WHAT THE TASK ASKS: Would you print the records below from the first line through the line containing "картофельные дольки, колбаска", skipping the pictures?

DATA TO EXAMINE:

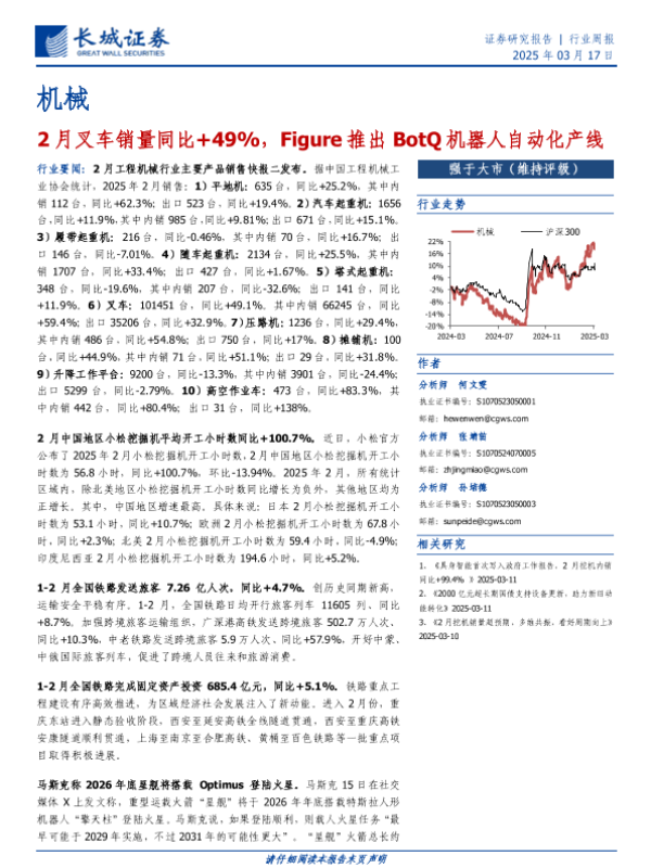 【长城证券】【20250317】机械行业周报:2月叉车销量同比+49%,Figure推出BotQ机器人自动化产线-14页 证券期货研究报告
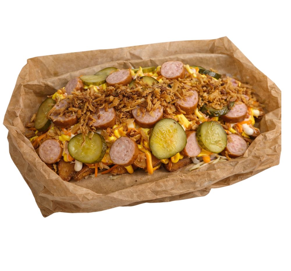 картофельные дольки, колбаска куриная, огурец маринованный, салат Коул слоу, соус ранч, соус сырный, соус бургер, лук фри
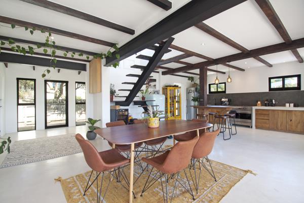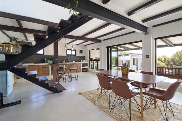 Upstairs, two spacious, light-filled bedrooms await, both en suite and styled with exposed beams, warm textures, and that soft Kommetjie breeze drifting through. Theres also a self-contained one-bedroom cottage with its own kitchenette and bathroom perfect for guests, family, or a savvy rental setup. Add a double automated garage, secure off-street parking, and a generous dose of coastal charm, and youve got the ultimate Kommetjie package: barefoot luxury with a bold, modern twist.
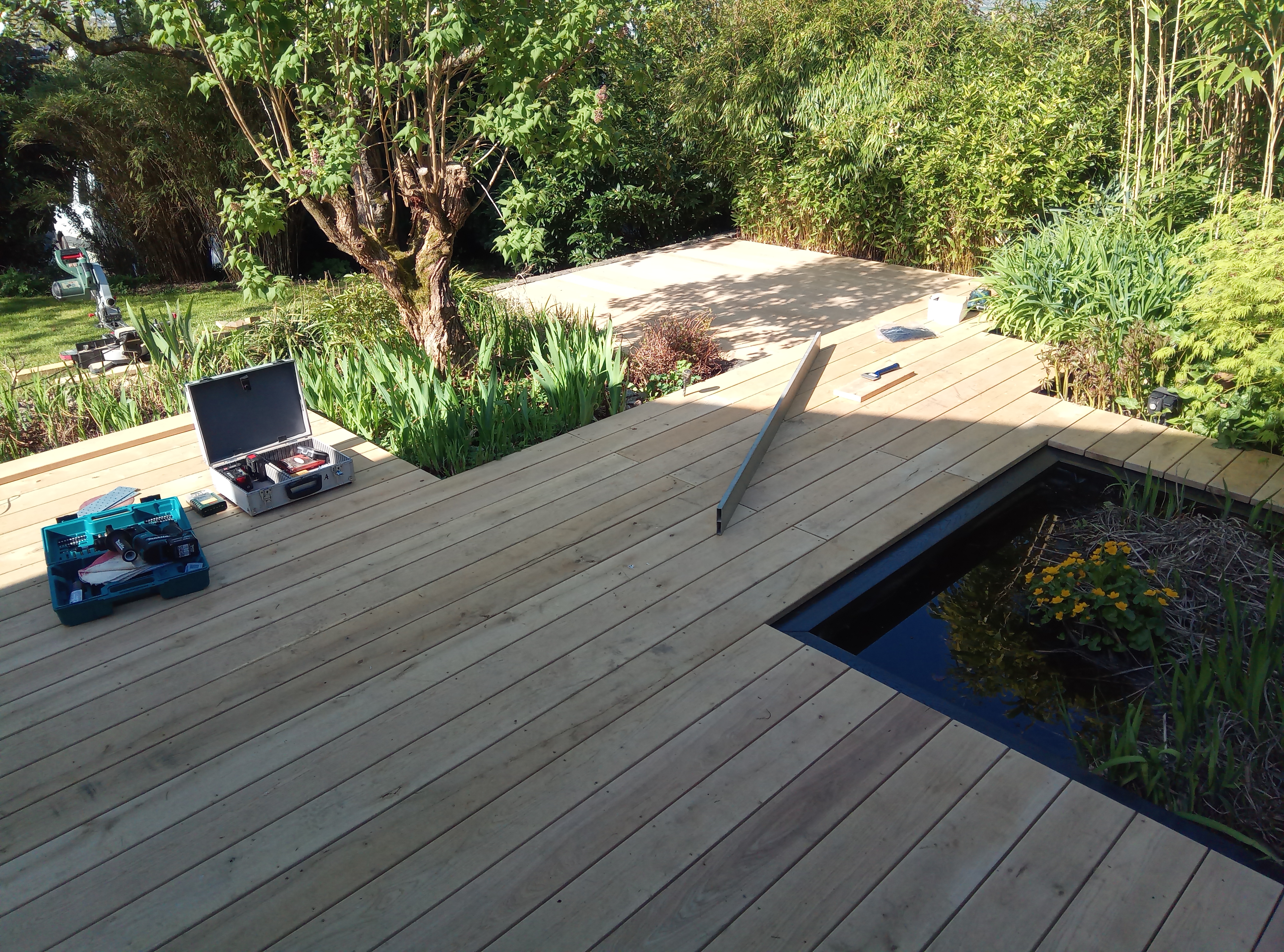 Wiederum eine Terrasse aus glatt gehobelter Eiche. Der Basalt-Quellstein und die noch zu bepflanzende Pergola bilden einen gemütlichen Rahmen für sommerliche Grillabende.
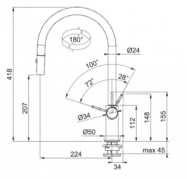-Угол поворота излива 360град. увеличивает функциональность
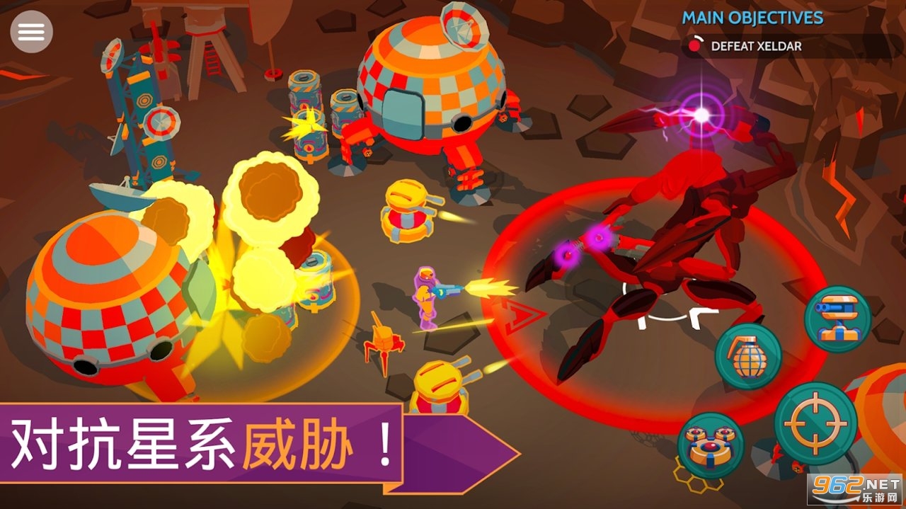 从进攻性的机器人到大型装甲到有毒大黄蜂,面对巨型终极怪物,每一个都有独有的进攻和防守能力,包括增强的装甲和强力的集束炸弹。外星人射击 动作游戏从没有这么刺激过!
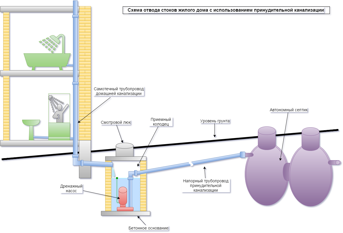 En règle générale, un système d'égouts individuel dans une maison de campagne est aménagé selon le principe de la gravité. L'effluent est envoyé à la fosse septique par gravité sous une pente. Si, pour un certain nombre de raisons, il n'est pas possible d'aménager un tel collecteur, un système d'égouts sous pression est nécessaire. Un tel système envoie de force les eaux usées au point de collecte à l'aide d'une pompe spéciale.
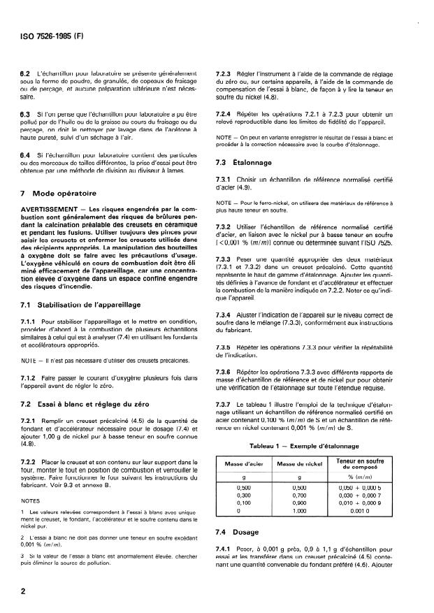 ISO 7526:1985 - Nickel, ferro-nickel et alliages de nickel -- Dosage du soufre -- Méthode par absorption dans l'infrarouge apres combustion dans un four a induction
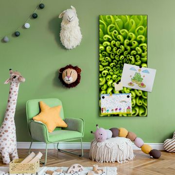FUNKTION:  Die banjado Magnettafel mit Motiv Grüne Chrysantheme Motiv bringt Ordnung in Ihr Zettelchaos. Fotos, Termine, Notizen oder Rezepte lassen Sich hier stilvoll mit Magneten ordnen, Sie behalten alles im Blick. An der Design Magnettafel halten alle handesüblichen Magnete. DESIGN:  Die magnetische Pinnwand mit dem Motiv Motiv Grüne Chrysantheme ist ein eleganter Begleiter im Alltag. Mit dieser Memotafel aus Metall haben Sie auch ohne Notizen und Magnete ein schönes Dekoelement. Das Format bietet Ihnen ausreichend Platz um alle wichtigen Informationen im Blick zu behalten. DETAILS:  Die Magnettafel besteht aus silber-grau, weiß oder schwarzlackiertem Stahl. Sie hat eine Größe von 37 x 78 x 2cm. Es befinden sich auf der Rückseite vorgefertigte Aufhängungen die eine schnelle und unkomplizierte Anbringung ermöglichen. Das Motiv ist mit einem seidenmatten Laminat versehen und schützt so zusätzlich vor Kratzern. NUTZEN:  Sie können dieses Memoboard groß als Wandbild nutzen, es halten alle handelsüblichen Magneten daran. Die Pinnwand ist mit einem feuchten Lappen oder Schwamm abwischbar. Sie finden bei uns eine große Auswahl an passenden Magneten. BANJADO:  Wir sind ein kleines Team aus dem Herzen von Sachsen. Wir fertigen alle Artikel von Hand für Sie an, Sie erhalten keine preiswerte Importware. Auf Wunsch können Sie auch Ihr eigenes Foto auf die Magnettafel aufbringen, schreiben Sie uns an. Herzlichst, Ihr banjado-Team
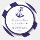 Nautical Stripes & Navy Blue Anchor Wedding Classic Round Sticker
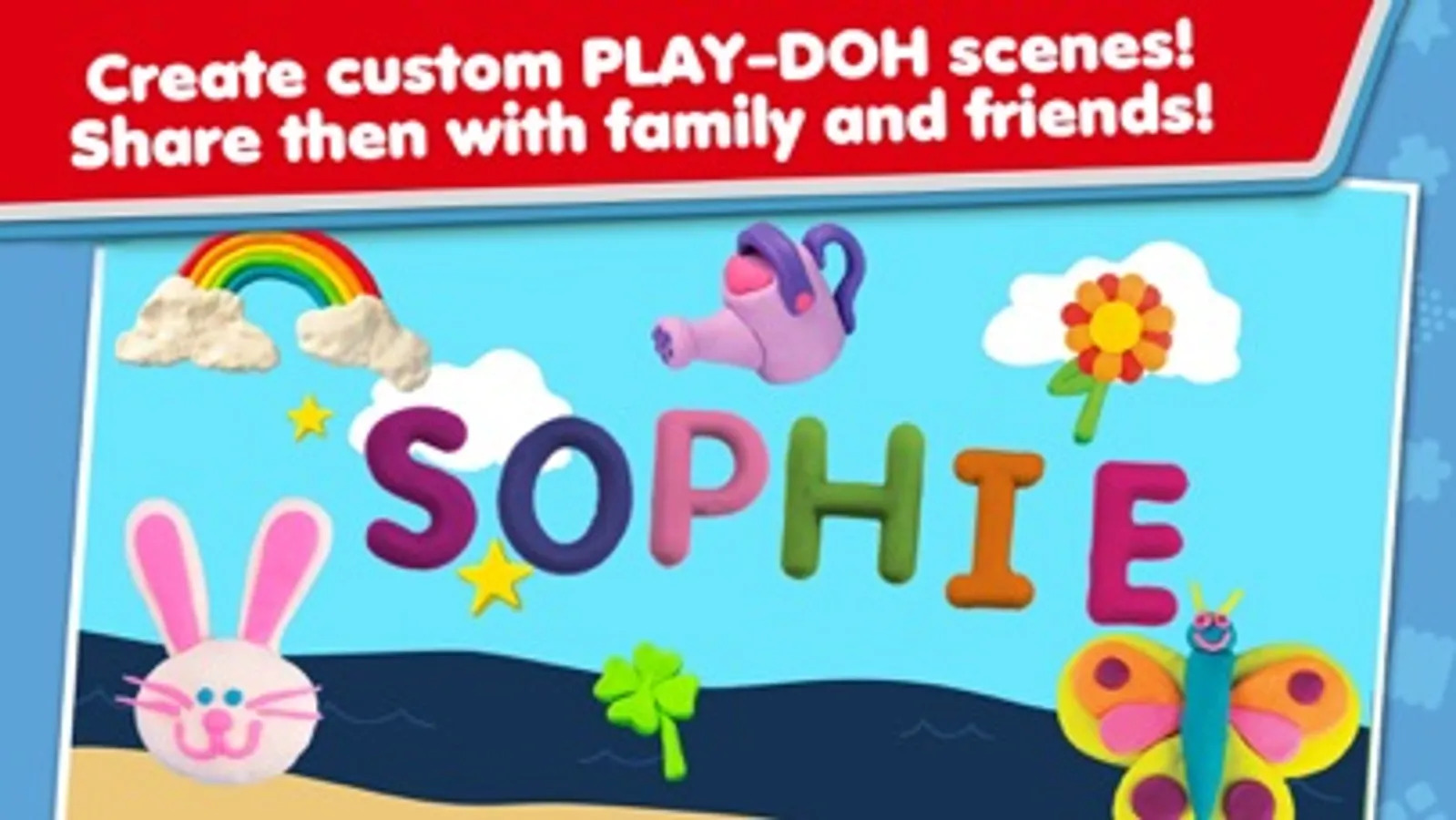Build your own PLAY-DOH scenes with your PLAY-DOH creations. The PLAY-DOH gallery is just a click away on the ‘create and share’ button. There you can enjoy all the animated, colorful objects you make as you work your way through the letters of the alphabet. Select your favorite background and then bring PLAY-DOH scenes to life with custom PLAY-DOH pictures. Save your creations on your phone or tablet and share them with others!
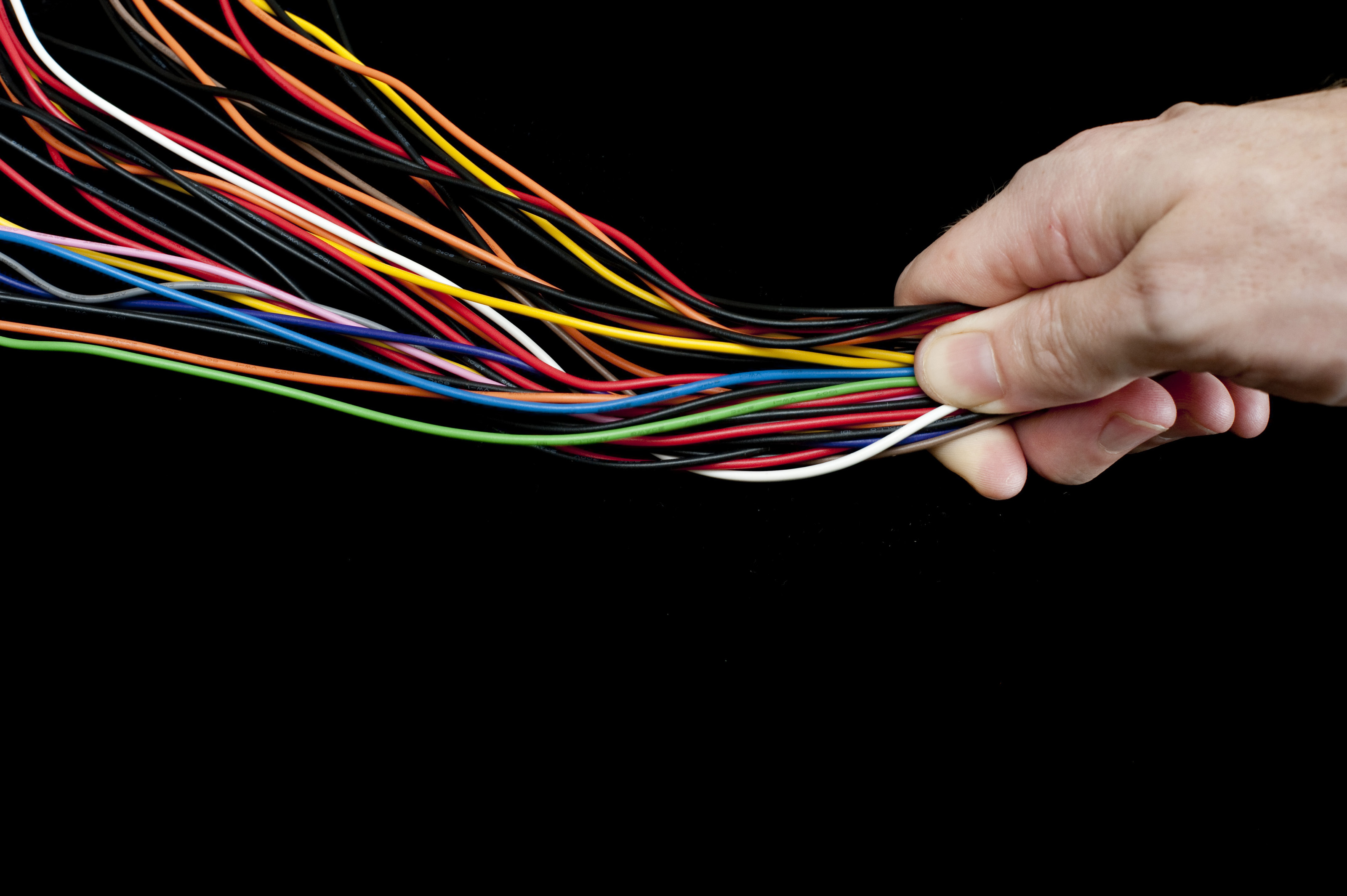 Multiple multicoloured electric wires in a diverging tangle are constrained and controlled under the thumb of a man

ANSWER TO THIS PROBLEM:
 【长城证券】【20250317】机械行业周报:2月叉车销量同比+49%,Figure推出BotQ机器人自动化产线-14页 证券期货研究报告
 картофельные дольки, колбаска куриная, огурец маринованный, салат Коул слоу, соус ранч, соус сырный, соус бургер, лук фри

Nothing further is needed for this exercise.